Nightmares were often given names such as Hag-riding, Wizard-pressing, Mare-riding, Witch-dancing etc. The Night Hag rides her mare through the realm of the eighth continent. In the worst of situations the rider feels in jeopardy, experiences an over-riding terror, panic, total vulnerability and the inability to distinguish between imagined and internal aggressors and external reality. But this is not to say that one should not ride the night mare in search of the light which lies within the dark. This is an early, experimental drawing that depicts le Enchanteur riding the Night Hag in search of a truth.
Heather Blakey
“Mercy!” cried the voice. “mercy! Even if you are only one more dream, have mercy. Take me on board. Take me, even if you strike me dead. But in all the name of all mercies do not fade away and leave me in this horrible land.”

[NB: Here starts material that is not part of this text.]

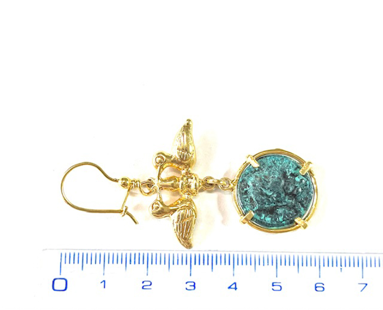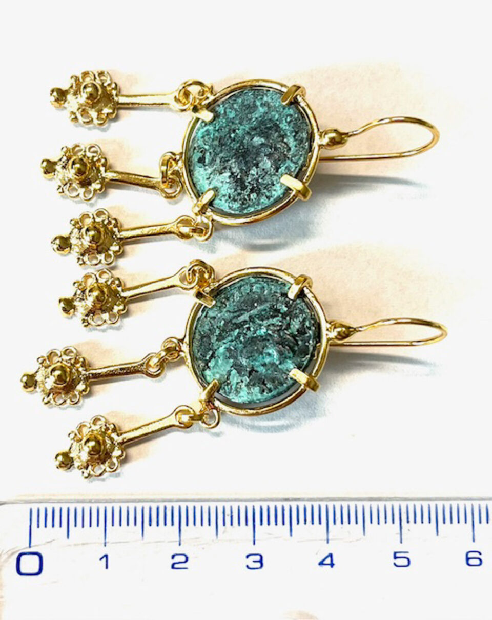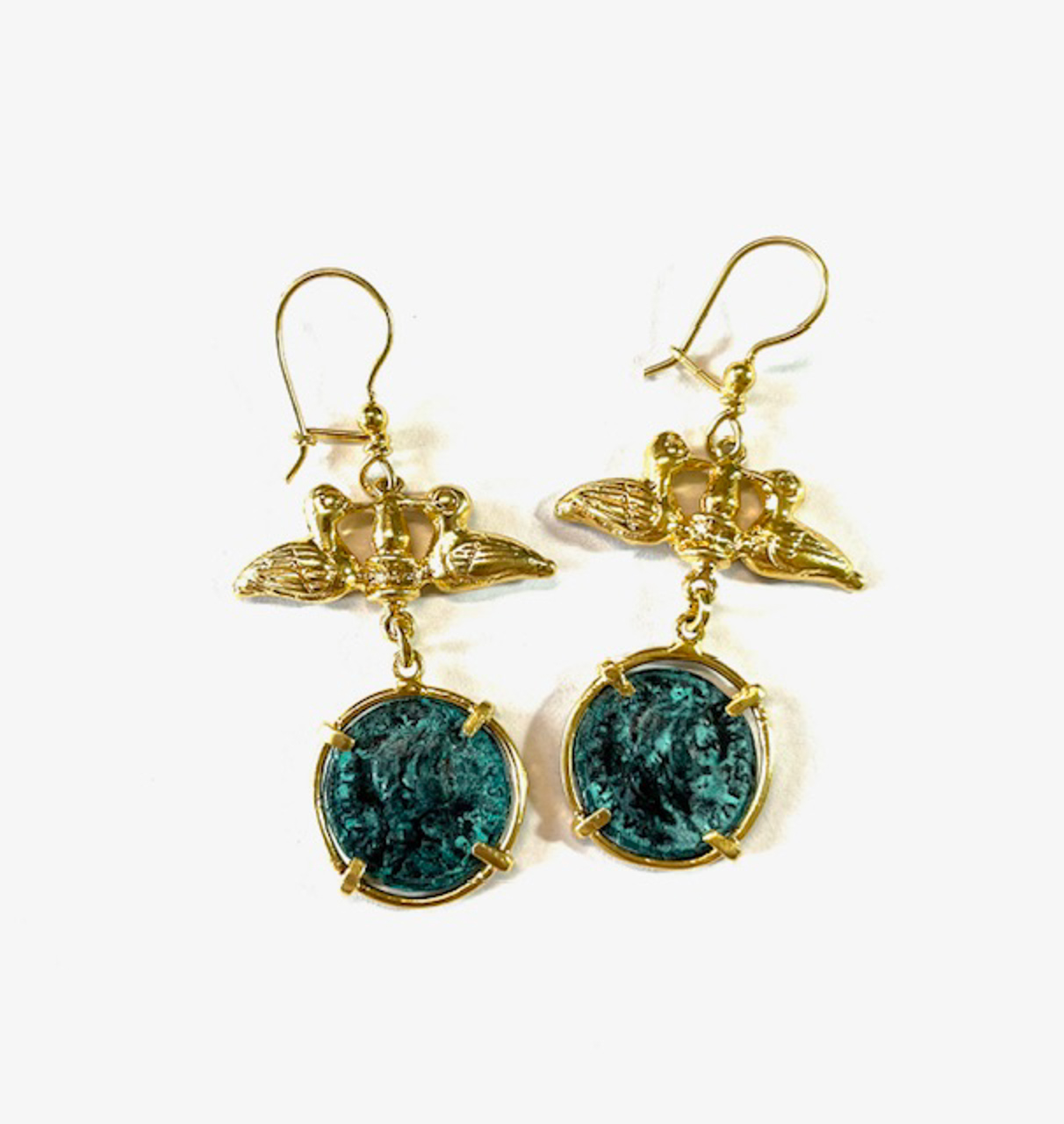 questo elegante earring in 925 sterling silver è impreziosito from una moneta in antiqued bronze, incastonata with quattro grappette che ne esaltano il design. la moneta raffigura gli imperatori and i conii dell’antica roma, evocando la grandezza dell’impero. la parte superiore dell’earring è arricchita from un simbolo etrusco: due oche che si guardano, un emblema of protezione and armonia, simbolo sacro for gli etruschi.

There came another cry, whether of joy or terror, and then they knew that someone was swimming towards them.
“Stand by to heave him up, men,” said Caspian.
“Aye, aye, your Majesty,” said the sailors. Several crowded to the port bulark with ropes and one, leaning far out over the side, held the torch. A wild, white face appeared in the blackness of the water and then after some scrambling and pulling, a dozen friendly hands had heaved the stranger on board.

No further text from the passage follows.